和語のみで書かれた小説

おなじソラをみあげて

 ワタシのフルサトは、マチからとおくはなれたトコロにある。

 とてもちいさなムラで、トナリのイエのヒトでなくてもみんなシリアイだ。

 オジイサンも、オバアサンも、オトウサンも、オカアサンも、みんなココでうまれた。

 ワタシのマチにすんでいるのは、ほとんどがオトシヨリだ。ハタケシゴトをして、わずかなオカネをえている。

 コドモのワタシにとって、イナカはつまらなかった。ミズとツチしかないこのムラで、ワタシはただただあおいソラとしろいクモをぼんやりとながめていた。

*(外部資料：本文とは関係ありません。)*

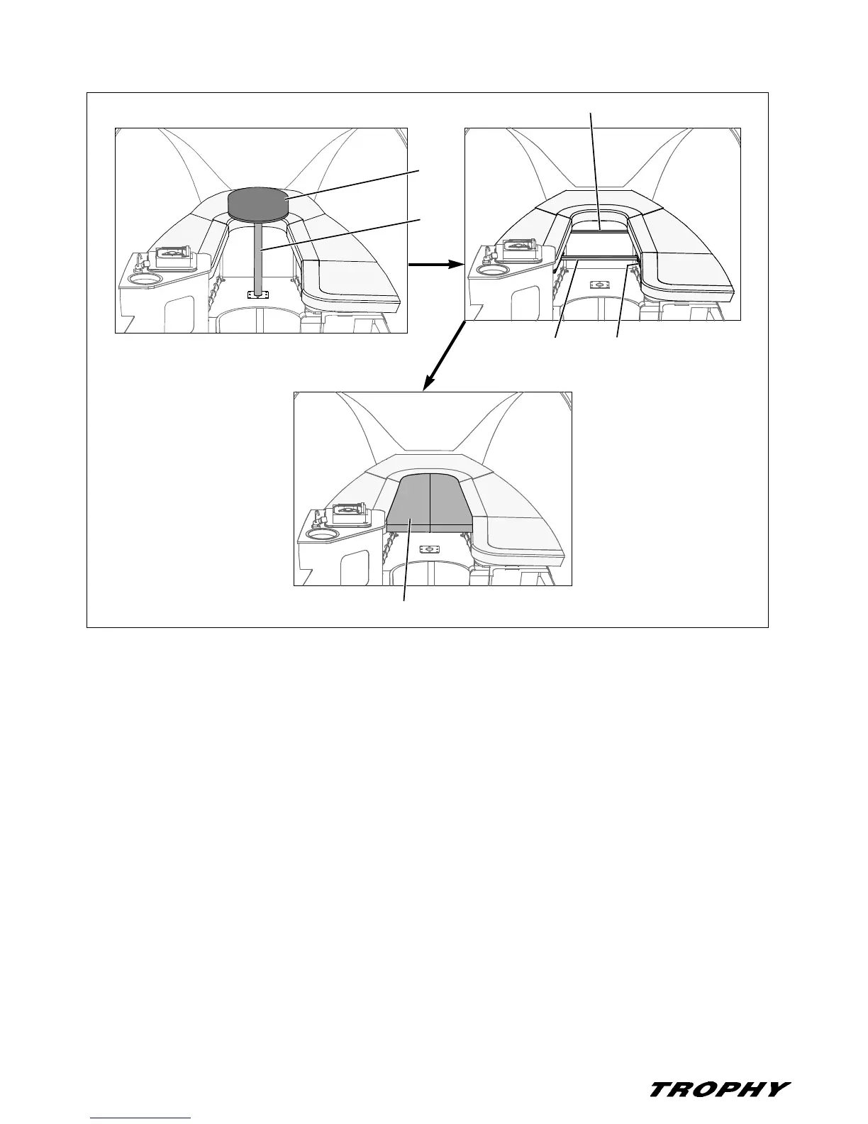 2. Insert the aluminium support bars (C), that are stored on the back of the port cushion, so that they fit securely on

 かわらないマチと、かわりばえのしないケシキ。いつもおなじことのクリカエシだった。

 このままココにずっとすみつづけるのはいやだ。

 そうおもってワタシはハタチのコロ、おおきなマチにひっこすことにした。


 マチはヒトがおおくて、とてもいそがしかった。

 オトコタチはアサからヨルまではたらき、オンナノコタチはハルからナツへ、ナツからアキへとうつりかわるナカでうつくしいヨソオイをみせる。

 マチにはナンでもあって、オカネさえあれば、ほとんどのモノはかえた。

 おいしいタベモノやオサケ、おもしろいヨミモノにたのしいシバイやオドリ。

 スベテがめまぐるしく、まるでオマツリのようなヒビだった。


 でも、マチのひとたちはつめたかった。

 ミチでたちどまったら、ウシロからダレカにぶつかられてシタウチをされたコトもあったし、

 カイモノをしているときにオミセのヒトにはなしかけたら、おかしなカオをされたこともあった。

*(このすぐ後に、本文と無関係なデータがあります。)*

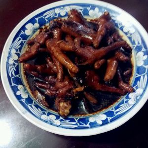 洗净的鸡爪重新放入锅内加水直至覆盖鸡爪,加一汤匙料酒,4汤匙老抽,2汤匙生抽,生姜片和冰糖。

 マチのヒトはホカのヒトのコトなんてどうでもいいみたいだ。

 ワタシのすむイエにはトオほどヘヤがあったが、ダレヒトリシリアイはなかった。トナリのヒトですら、「おはよう」とかコエをかわすコトもない。

「ワタシはヒトリなのかなぁ……」

 ヘヤのマドのテスリにテをかけて、ワタシはソラをみあげた。ソコにはあのコロとおなじ、あおいソラがあった。

 ソラはずっとつながっている。

 ワタシのフルサトのミンナも、イマこうしてソラをみあげているのだろうか。